Knowledge Discovery in Spatial Databases
von Hans-Peter Kriegel
(mittwoch, 15.9.99, 9:30 Uhr)
Both, the number and the size of spatial databases, such as geographic or medical databases, are rapidly growing because of the large amount of data obtained from satellite images, X-ray crystallography, computer tomography or other scientific equipment. This growth by far exceeds human capacities to analyze the databases in order to find implicit regularities, rules or clusters hidden in the data. Therefore, automated knowledge discovery becomes more and more important in spatial databases. Knowledge discovery in databases is the non-trivial process of discovering valid, novel, potentially useful, and ultimately understandable patterns from data. Typical tasks for knowledge discovery in spatial databases include clustering, classification, characterization and trend detection. The major differen ce between knowledge discovery in relational databases and in spatial databases is that attributes of the neighbors of some object of interest may have an influence on the object itself. Therefore, spatial knowledge discovery algorithms heavily depend on the efficient processing of neighborhood relations since the neighbors of many objects have to be investigated in a single run of a typical algorithm. Thus, providing general concepts for neighborhood relations as well as an efficient implementation of these concepts will allow a tight integration of spatial knowledge discovery algorithms with a spatial database management system. This will speed up both, the development and the execution of spatial knowledge discovery algorithms.

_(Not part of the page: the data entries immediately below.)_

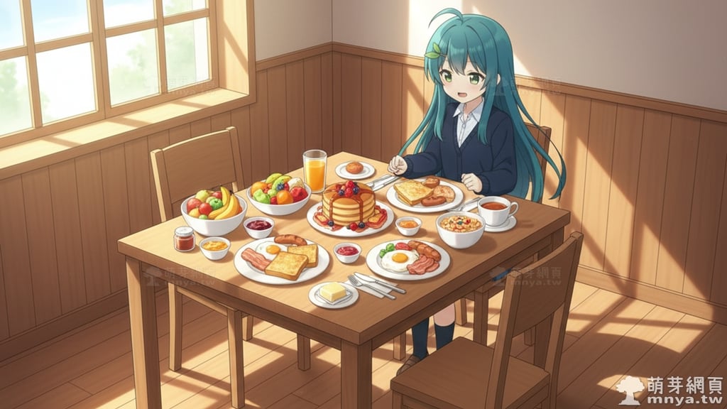 ▲ 早餐時間是一天中最幸福的時刻。豐盛的餐桌上擺滿吐司、培根、水果與熱飲,萌芽娘滿心期待地享用這份早晨的儀式感。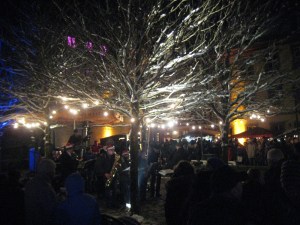 Tolle Atmosphäre im Schleifrashof beim Adventsmarkt mit Handwerkskünstlern und Live-Musik.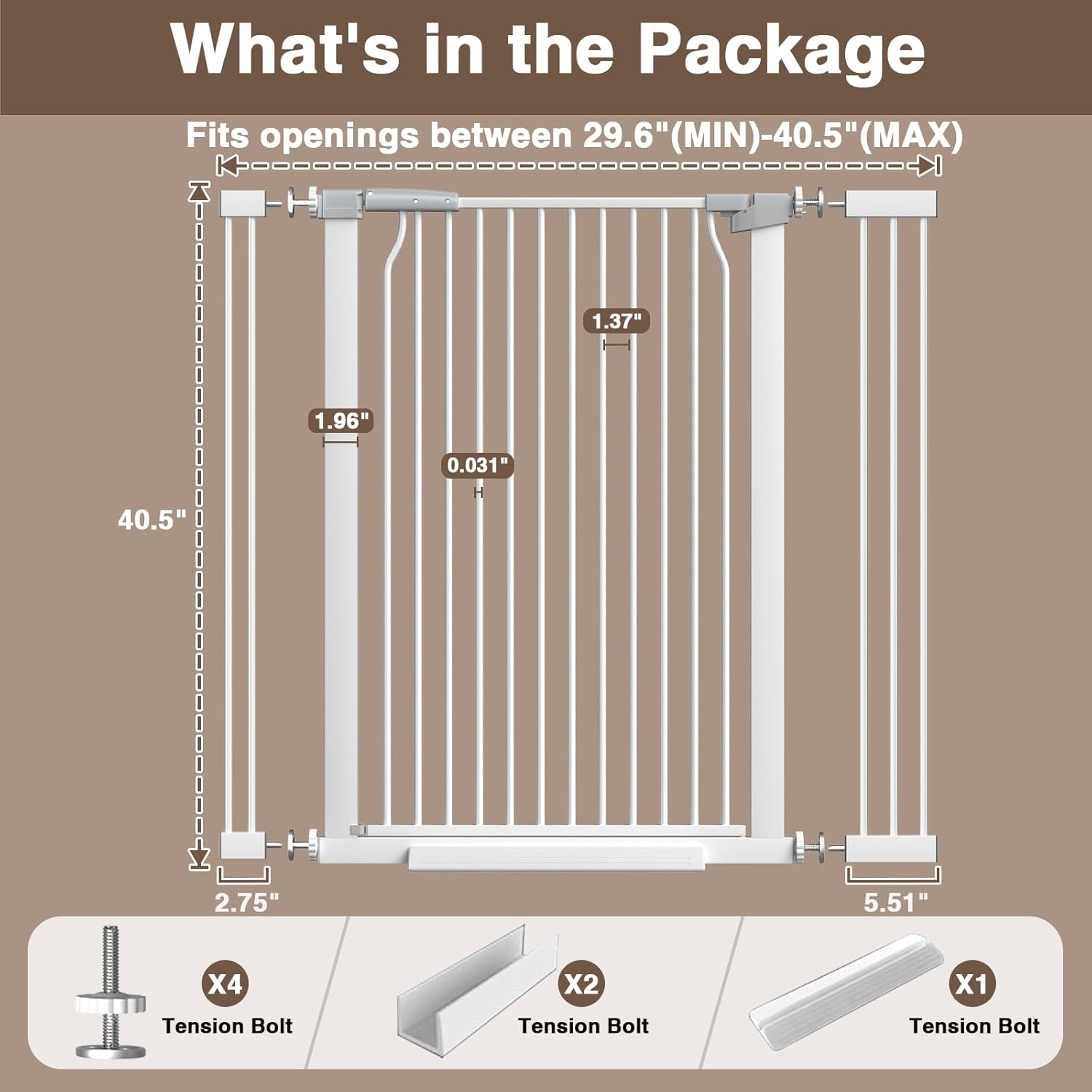 41" Extra Tall Baby Gate for Doorways and Stairs No Drill, Adjustable 29.9-40.9'' Auto Close Dog Gate Indoor, Pressure Mounted Walk Through Swing Wide Pet Gate, Tall Cat Gate with Expansion Kit, White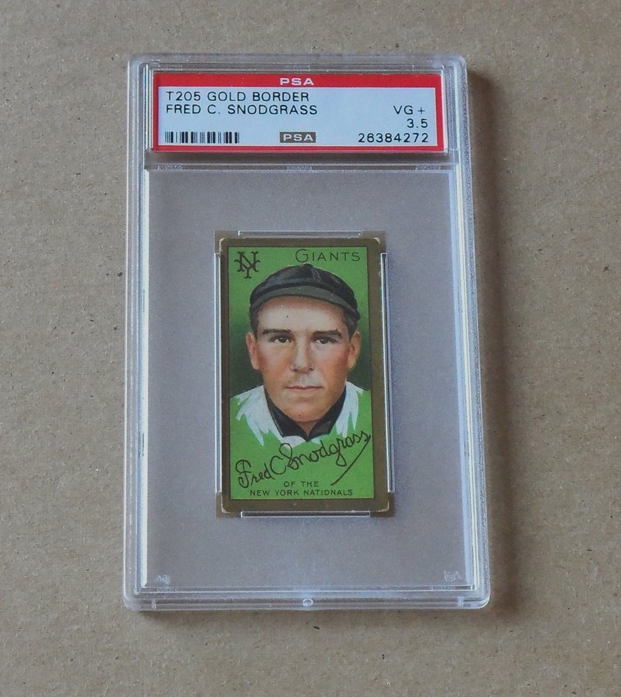 1911 T205 Gold Border BB cd.; Fred C. Snodgrass, Giants; Cycle back; PSA graded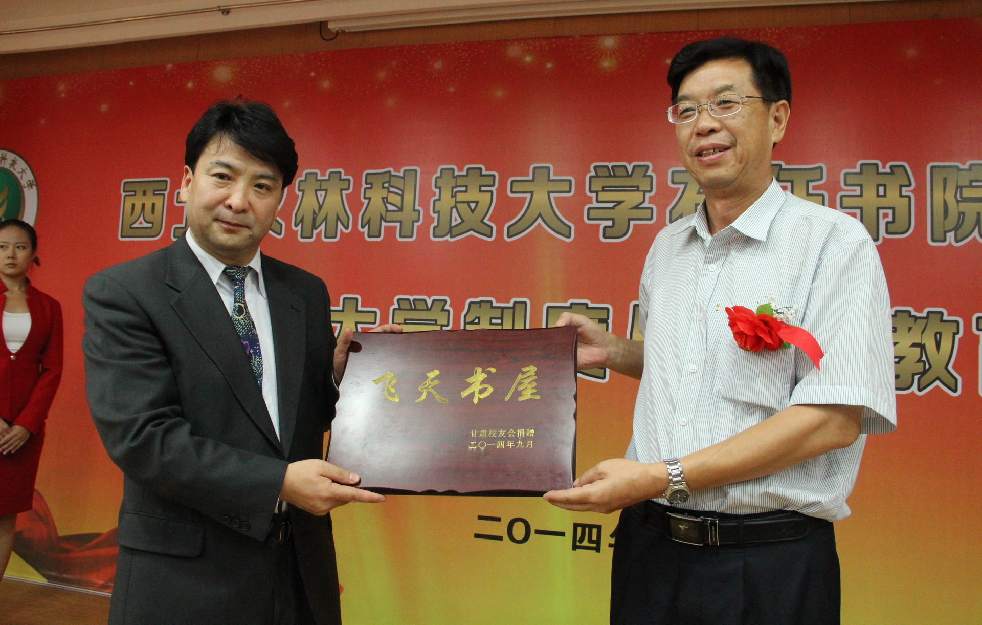 仪式上,甘肃中天集团捐赠了右任奖学金,中国工作标准研究院捐赠了“圆通科学工作坊”,江苏校友会捐赠了“江南书屋”,甘肃校友会捐赠了“飞天书屋”,山西校友会捐赠了“北岳书屋”,咸阳校友会捐赠了“秦汉书屋”。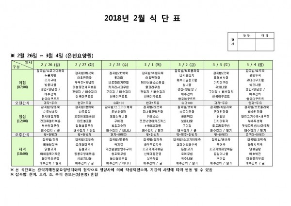 3월 첫째주 식단표 페이지 정보 작성자 은천노인복지회 작성일18-02-27 16:10 조회193,599회 댓글0건 관련링크 이전글 다음글 목록 답변 본문 3월 첫째주 식단표 이전글 다음글 목록 답변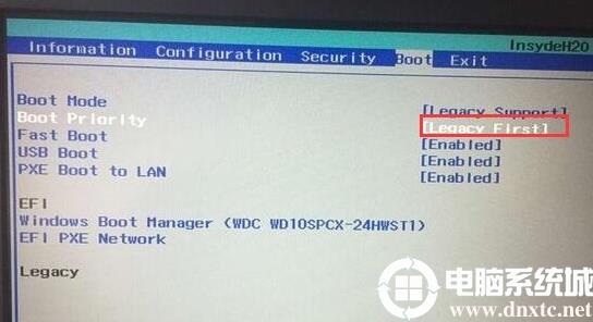 5、再把Boot Priority設(shè)置成Legacy First,按F10彈出窗口選擇yes回車(chē);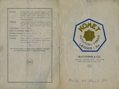 4 Seiten 22 x 14 cm Komet Automobil-Fabrik Buchmann & Co. Leisnig i. Sa. Keine Fahrzeugabbildung, nur Text Leichte Gebrauchsspuren

For this purpose, we define a small set of database primitives, and we demonstrate that typical spatial knowledge discovery algorithms are well supported by the proposed database primitives. By implementing the database primitives on top of a commercial spatial database management system, we show the effectiveness and efficiency of our approach, experimentally as well as analytically.
Hans-Peter Kriegel
is a full professor for database systems in the Institute for Computer Science at the University of Munich. His research interests are in spatial database systems, particularly in query processing, performance issues, similarity search, high-dimensional indexing, and in parallel systems. Data Exploration using visualization led him to the area of knowledge discovery and data mining. Kriegel received his M.Sc. and Ph.D. in 1973 and 1976, respectively, from the University of Karlsruhe, Germany. Hans- Peter Kriegel has been chairman and program committee member in many international database conferences. He has published over 150 refereed conference and journal papers.